Caught in the middle

Whenever we begin to follow our inner guidance, we will be tormented by those who refute our approach to life. We will notice the dramatic contrasts between our inner teachers and outer instructors. The differences in tone, premise and relatedness speaks volumes to us.

When we're caught in the middle, films and stories about characters sharing our plight will catch our attention and sympathies. We'll identify with the budding artist, social deviant or emerging revolutionary. We recognize the conflicting inclinations, passions and urges. We see wisdom in favoring the inner teacher, trusting the guidance found within and acting on feelings of self respect.

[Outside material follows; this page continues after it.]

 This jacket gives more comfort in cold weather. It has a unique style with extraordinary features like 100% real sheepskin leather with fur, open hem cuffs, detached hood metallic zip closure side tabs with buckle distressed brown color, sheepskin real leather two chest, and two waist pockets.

Thirty years ago, Dorothy Maclean, one of the original founders of the Findhorn community, wrote this perspective about her experience with being caught in the middle between an inner and outer voices:
The voice within is soft and loving, of an unbelievable gentleness; the voices without are harsh and strident. The voice within is full of love for you and everything; the voices without are full of concern for the false self, false values, for the things that lower the divinity in man. The voice within speaks with singleness of purpose; the voices without know not what they seek -- first one thing, then another, though all impair the dignity of man. The voice within woos the soul to perfection, the voices without shriek coldly of facts. The voice within holds truth as a kernel to cherish; the voices without twist truth to a mould that will inflate all falseness. The voice within concerns itself with the destiny of all; the voices without are wholly concerned with the advancement of one person ... (pp 31-32, To Hear the Angels Sing - Dorothy Maclean, Lorian Press, 1980)

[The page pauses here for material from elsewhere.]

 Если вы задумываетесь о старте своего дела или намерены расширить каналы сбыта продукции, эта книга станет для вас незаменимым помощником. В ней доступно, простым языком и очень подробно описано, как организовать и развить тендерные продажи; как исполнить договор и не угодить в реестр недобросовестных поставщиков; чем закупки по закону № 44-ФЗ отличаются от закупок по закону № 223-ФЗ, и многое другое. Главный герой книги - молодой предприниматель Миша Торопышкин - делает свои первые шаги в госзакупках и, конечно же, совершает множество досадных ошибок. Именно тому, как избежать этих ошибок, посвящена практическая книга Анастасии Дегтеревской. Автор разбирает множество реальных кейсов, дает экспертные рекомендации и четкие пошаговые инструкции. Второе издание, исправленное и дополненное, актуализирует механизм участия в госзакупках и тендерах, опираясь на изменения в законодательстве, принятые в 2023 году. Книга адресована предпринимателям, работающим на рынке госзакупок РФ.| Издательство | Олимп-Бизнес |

My first encounter with her book was a doing of my own inner teacher. I happened upon the book, rather than searching for. I discovered it answered my questions like a gift out of nowhere. Maclean's words resonated deeply with me, and still do, in ways that continue to reinforce my collaboration with my inner teacher.

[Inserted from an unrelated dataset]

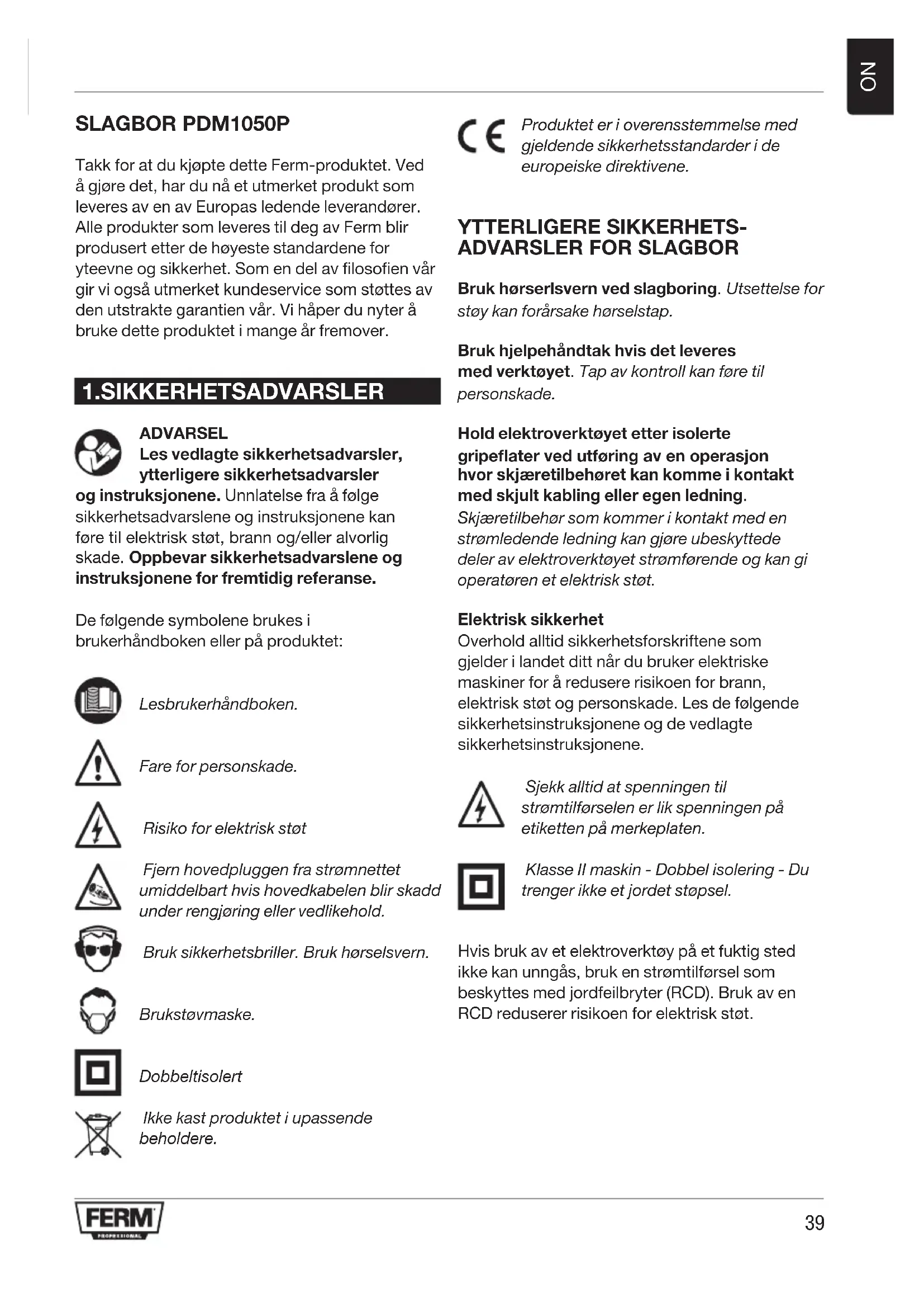 Takk for at du kjøpte dette Ferm-produktet. Ved å gjøre det, har du nå et utmerket produkt som leveres av en av Europas ledende leverandører. Alle produkter som leveres til deg av Ferm blir produsert etter de høyeste standardene for yteevne og sikkerhet. Som en del av filosofien vår gir vi også utmerket kundeservice som støttes av den utstrakte garantien vår. Vi håper du nyter å bruke dette produktet i mange år fremover.

The more we benefit from our inner teachers, the more obvious it becomes that most outer voices are based on fear. We are put in a bad light, pressured unnecessarily and criticized for trusting our inner guidance because people are afraid of our priorities, outlook and decisions. To them, our freedom, confidence and creativity looks dangerous. They cannot handle our outlook on life because it's unfamiliar, unrecognizable and incomprehensible. Until they find and enjoy their inner teachers, those of us already there will be outcasts like the Ugly Ducking, Jonathan Livingston Seagull and Jumping Mouse.